Reproductive cloning was originally carried out by artificial “twinning,” or embryo splitting, which was first performed on a salamander embryo in the early 1900s by German embryologist Hans Spemann. Later, Spemann, who was awarded the Nobel Prize for Physiology or Medicine (1935) for his research on embryonic development, theorized about another cloning procedure known as nuclear transfer. This procedure was performed in 1952 by American scientists Robert W. Briggs and Thomas J. King, who used DNA from embryonic cells of the frog Rana pipiens to generate cloned tadpoles. In 1958 British biologist John Bertrand Gurdon successfully carried out nuclear transfer using DNA from adult intestinal cells of African clawed frogs (Xenopus laevis). Gurdon was awarded a share of the 2012 Nobel Prize in Physiology or Medicine for this breakthrough.

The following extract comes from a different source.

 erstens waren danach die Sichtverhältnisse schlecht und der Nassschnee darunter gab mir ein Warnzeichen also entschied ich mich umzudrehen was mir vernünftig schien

Advancements in the field of molecular biology led to the development of techniques that allowed scientists to manipulate cells and to detect chemical markers that signal changes within cells. With the advent of recombinant DNA technology in the 1970s, it became possible for scientists to create transgenic clones—clones with genomes containing pieces of DNA from other organisms. Beginning in the 1980s mammals such as sheep were cloned from early and partially differentiated embryonic cells. In 1996 British developmental biologist Ian Wilmut generated a cloned sheep, named Dolly, by means of nuclear transfer involving an enucleated embryo and a differentiated cell nucleus. This technique, which was later refined and became known as somatic cell nuclear transfer (SCNT), represented an extraordinary advance in the science of cloning, because it resulted in the creation of a genetically identical clone of an already grown sheep. It also indicated that it was possible for the DNA in differentiated somatic (body) cells to revert to an undifferentiated embryonic stage, thereby reestablishing pluripotency—the potential of an embryonic cell to grow into any one of the numerous different types of mature body cells that make up a complete organism. The realization that the DNA of somatic cells could be reprogrammed to a pluripotent state significantly impacted research into therapeutic cloning and the development of stem cell therapies.

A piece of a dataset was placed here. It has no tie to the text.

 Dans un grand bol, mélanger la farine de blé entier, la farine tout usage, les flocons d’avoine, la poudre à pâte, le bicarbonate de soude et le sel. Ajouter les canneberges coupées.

Soon after the generation of Dolly, a number of other animals were cloned by SCNT, including pigs, goats, rats, mice, dogs, horses, and mules. Despite those successes, the birth of a viable SCNT primate clone would not come to fruition until 2018, and scientists used other cloning processes in the meantime. In 2001 a team of scientists cloned a rhesus monkey through a process called embryonic cell nuclear transfer, which is similar to SCNT except that it uses DNA from an undifferentiated embryo. In 2007 macaque monkey embryos were cloned by SCNT, but those clones lived only to the blastocyst stage of embryonic development. It was more than 10 years later, after improvements to SCNT had been made, that scientists announced the live birth of two clones of the crab-eating macaque (Macaca fascicularis), the first primate clones using the SCNT process. (SCNT has been carried out with very limited success in humans, in part because of problems with human egg cells resulting from the mother’s age and environmental factors.)